We would argue that any company undergoing a digital transformation with a supporting design strategy has a much greater probability of success. We suspect the 1 in 8 companies that actually succeed have a design strategy or a set of design objectives that has helped them transcend a perceived need for merely installing new technology and functionality. Such companies are thinking holistically and realising the benefits.
Shaping digital transformation
A design strategy that has its roots in user-centred research and design principles will contribute towards an enhanced level of UX maturity running throughout an organisation. Having a strong UX culture, following UX principles and supporting customer-centric processes will cultivate a much greater sense of purpose across teams.
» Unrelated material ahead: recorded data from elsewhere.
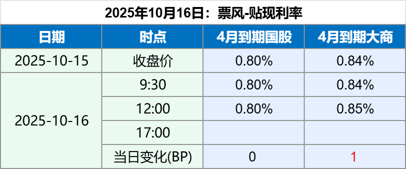 2025年10月16日 2025年10月16日,上午票据贴现利率稳定,最新票据贴现利率如下: 备注:上述票据贴现价格全国可贴,无需重新开户。 如果您觉得上述贴现价格符合您的要求,可以扫描下方二维码联系我们。 文章导航 9月信贷环比改善,票据融资压降4000亿元
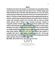 Uncontrolled Keywords: | Online Disinhibition Effect ; Self Control ; Verbal Aggression ; Efek disinhibisi daring ; Kontrol diri ; Agresivitas Verbal |
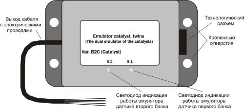 Двухканальный эмулятор дополнительных датчиков кислорода B2C, предназначен для эмуляции сигналов контролирующих (S2) датчиков кислорода (ДК) на двигателях с 2-мя независимыми системами выпуска, имеющие два передних (верхних, управляющих) ДК и два ДК после катализатора (контролирующих), то есть, имеет два независимых канала, заменяя собой два однокональных устройства.

This feeling of purpose is what ultimately leads a company to seek increased engagement from customers.
Figure 2 : The relationship between design strategy and digital transformation
A design strategy provides the structure that is needed to maximise the potential that transformation programmes offer. It should maintain an objective view of the customer experience being created by considering all the elements that not only affect the customer experience, but affect the culture and sense of purpose cultivated within the business. This is what we define as Experience Transformation.
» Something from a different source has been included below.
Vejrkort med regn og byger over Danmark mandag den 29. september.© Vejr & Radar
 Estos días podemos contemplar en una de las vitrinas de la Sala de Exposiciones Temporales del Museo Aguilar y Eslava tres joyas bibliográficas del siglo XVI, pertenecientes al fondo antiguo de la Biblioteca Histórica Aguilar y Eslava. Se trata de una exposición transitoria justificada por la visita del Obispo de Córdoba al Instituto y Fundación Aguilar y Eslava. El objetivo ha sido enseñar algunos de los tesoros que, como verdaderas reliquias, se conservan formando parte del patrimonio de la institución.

Cultivating a Customer Experience mindset
The lack of a supporting design strategy will create what we call a 'customer experience gap'. This can be thought of as a gap between the expectations of the customer and the expectations of the company. If a bridge between business and customer value is not formed, the opportunity to create a powerful value chain with many supporting interactions is lost. Without this, it will be practically impossible for customers and the company to engage harmoniously.
Don't create a customer value mismatch
A customer experience gap forces customer confusion and creates uncertainty. People will not know how best to interact with a business. By not leveraging digital to deliver better customer experiences you are not capitalising on the opportunity to create greater efficiencies in process, cost savings and better resource management. When digital transformation initiatives spiral out of control, a poor customer experience will likely ensue.
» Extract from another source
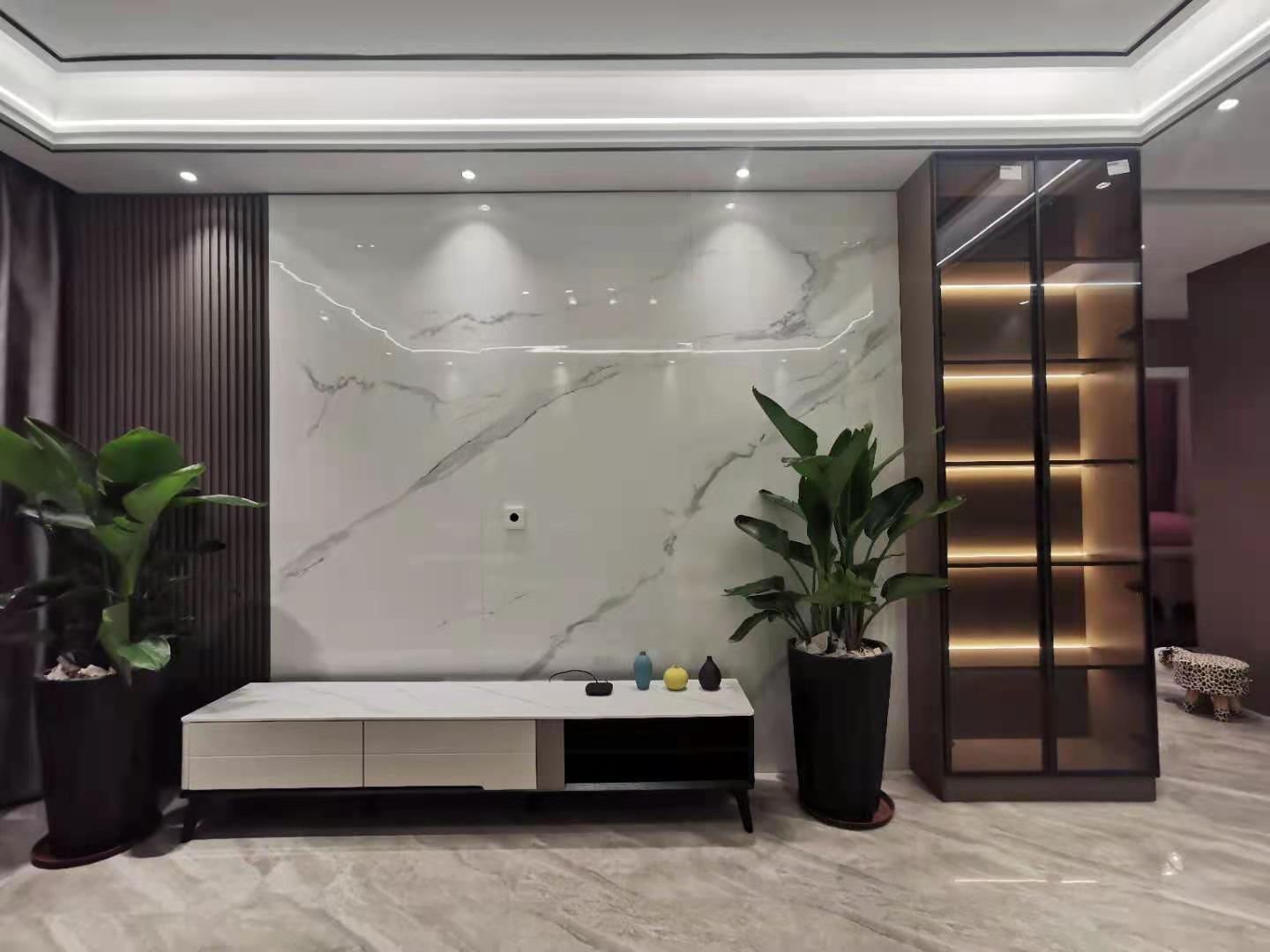 电视背景墙用的是大理石+木饰装饰面+收纳柜的组合方式,大气又好看。透明橱窗的柜子还带有藏光设计,非常高级。电视柜旁边两盆植物也是郁郁葱葱,生机勃勃。

To put it simply, when a customer fundamentally questions why they are interacting with your company because they do not know how to interact, you can be pretty certain you will lose their custom. Unless positive change happens, a poor customer experience will fundamentally affect and erode customer lifetime value, e.g. fewer new customers will be gained and more existing customers will leave. This could put a company at risk when customer experience standards drop and often results from market disruption or increased competitive threat.
No technology solution can fill a customer experience gap once a customer decides it is unbridgeable!
Creating an Experience Transformation
Customers are people too. The very people that make up the customer segments (audiences) marketeers want to influence. Customers have feelings, may act irrationally and are prone to making mistakes. Often it is ignorance of the emotional factors that influence behaviour and motivate people that causes initiatives to fail. This is increasingly more likely to happen when there is no clear and company-wide customer experience philosophy. Ultimately, this happens because there is no design strategy.
To create an Experience Transformation you need a design strategy to accompany and support your digital transformation program. Otherwise the resulting customer experience gap will keep increasing until you fail or become one of companies in the 84% failure category.
Ultimately, to drive value that will keep your customers engaged and their experience of your company relevant, the objective should not be a digital transformation, it should be an experience transformation.